**DATA SEGMENT**
=== Begin Enclosure ===
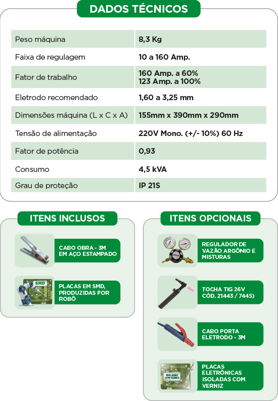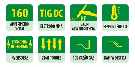 TIG DC com abertura de arco por HF (alta frequência) e eletrodo revestido (MMA);
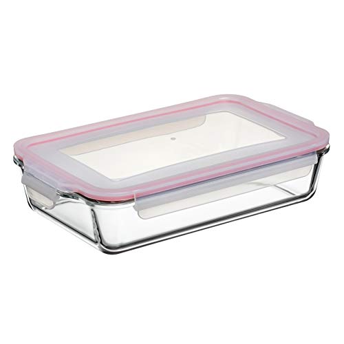 TATAY Boîte Alimentaire, de Verre, Hermétique, Capacité de 2.2 L, couvercle à pince, sans BPA, passe au micro-ondes, au four, au congélateur et au lave-vaisselle, Rouge. Mesure 19,4 x 31,9 x 7,4 cm
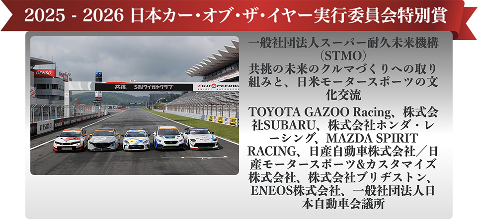 スーパー耐久レースを運営する STMO は、2021年(当時:スーパー耐久機構)、試作車両などの参戦を可能にする「ST-Qクラス」を新設した。これにより、TOYOTA GAZOO Racing、株式会社SUBARU、株式会社ホンダ・レーシング、MAZDA SPIRIT RACING、日産自動車株式会社/日産モータースポーツ&カスタマイズ株式会社が試作車両を投入し、カーボンニュートラル社会の実現に向けて、株式会社ブリヂストン、ENEOS株式会社とともにカーボンニュートラル燃料や水素燃料などを活用した先進的な取り組みを開始した。さらに 2025年には、日本自動車会議所とともに、アメリカンモータースポーツの象徴である NASCAR のデモランなど、国際交流の新たなステージを切り開き、モータースポーツを通じて日米の文化交流を促進する「ST-USAクラス」を新設した。2021年から続く革新的な試みと、2025年の新たな挑戦は、モータースポーツの未来を示す取り組みとして高く評価される。
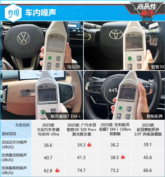 在空调最低档和最高档噪声方面,星舰7和与众06分别取得领先,实测噪声值均优于同级别车型测试均值。
=== End Enclosure ===
**WORK ORDER**
Ending at the line with "TATAY Boîte Alimentaire, de", reproduce exactly the lines that begin at the top of the data, and include no pictures.

**ANSWER TO THIS TASK**
 TIG DC com abertura de arco por HF (alta frequência) e eletrodo revestido (MMA);
 TATAY Boîte Alimentaire, de Verre, Hermétique, Capacité de 2.2 L, couvercle à pince, sans BPA, passe au micro-ondes, au four, au congélateur et au lave-vaisselle, Rouge. Mesure 19,4 x 31,9 x 7,4 cm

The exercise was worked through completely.